Some of the principles I was referring to are: 

1. Footwork and Mobility
2. Zoning 
3. Range awareness
4. Economy of motion and body mechanics
5. Flow

Focussing on principles have been very instrumental in my growth in the FMA.  For example, my friend Andy (ArnisAndyZ) and I found how to link many of the drills that we knew (ex: hubad, palusut, sumbrada, knife tapping) in flow.  We could start with one, switch to another, and then go back to the original almost effortlessly.  In doing so, we had access to the many of individual techniques associated with each drill.  We weren't stuck in the basic patterns of each drill anymore.  The flow became more random  and yet still very controlled even at higher speeds.  And since we weren't thinking, techniques (locks, throws, takedowns, disarms,etc.) would just come out spontaneously.  Our sensitivity got much better.  We also could start to feel the right moment to do a technique or when we had lost it.


----------



## arnisandyz

Someone told me an analogy that really helped me understand what conceptual training is about.

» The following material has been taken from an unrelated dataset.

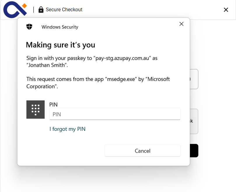 - User is prompted to set up a passkey for payments. The device browser will ask them to authenticate using fingerprint, face biometrics or PIN for that device and confirm that a passkey has been saved

You can teach your kid to stop at a road and look to the left and right before crossing the street but without explaining why he should do that (conceptual) the physical skill doesn't have a purpose.

Another one is that you can tell you kid not to do drugs, but it will do no good unless you explain the effects and consequences of drugs so that they will be able to make there own decision when the time comes, instead of just doing it because dad said so.

So basically, you can have a skill set without ever having conceptual knowledge (just doing the physical movement)  but you can''t sucessfully have conceptual knowledge without being able to do the physical movement.  Conceptual knowledge (principles) is gained by studying the physical movement (techniques).  The refinements and adjustments you make to make it work for you will define your individual style.


----------



## AldonAsher

> _Originally posted by Dan Anderson _
> *When teaching, I will go for techniques first and then the explanation of the principle behind the techniques.  This gives the student a frame of reference for the principle.  The other way around, I find, takes longer for the student to learn.
> Yours,
> Dan Anderson *



And I agree with you.  In teaching the FMA, I do show techniques, drills and a healthy dose of the basics.  With all due respect, I think you and thekuntawman have misunderstood me.  I was referring to my individual training, not how I teach the FMAs.


----------



## arnisandyz

Came across another thread related to this one.

http://www.martialtalk.com/forum/showthread.php?s=&threadid=1847


----------



## thekuntawman

> _Originally posted by pesilat _
> *
> 
> 
> 
> OK. While I agree that there are a lot of folks out there who have gotten all their FMA training from seminars and who barely have any clue about what FMA is ... what the heck does Silat have to do with it?
> 
> Mike *



silat, like the FMA is done very differently here in the US than it is done at home. just like you will find the dutch who do silat very differently than the indonesians and malaysians. i believe this is due to the seminar business.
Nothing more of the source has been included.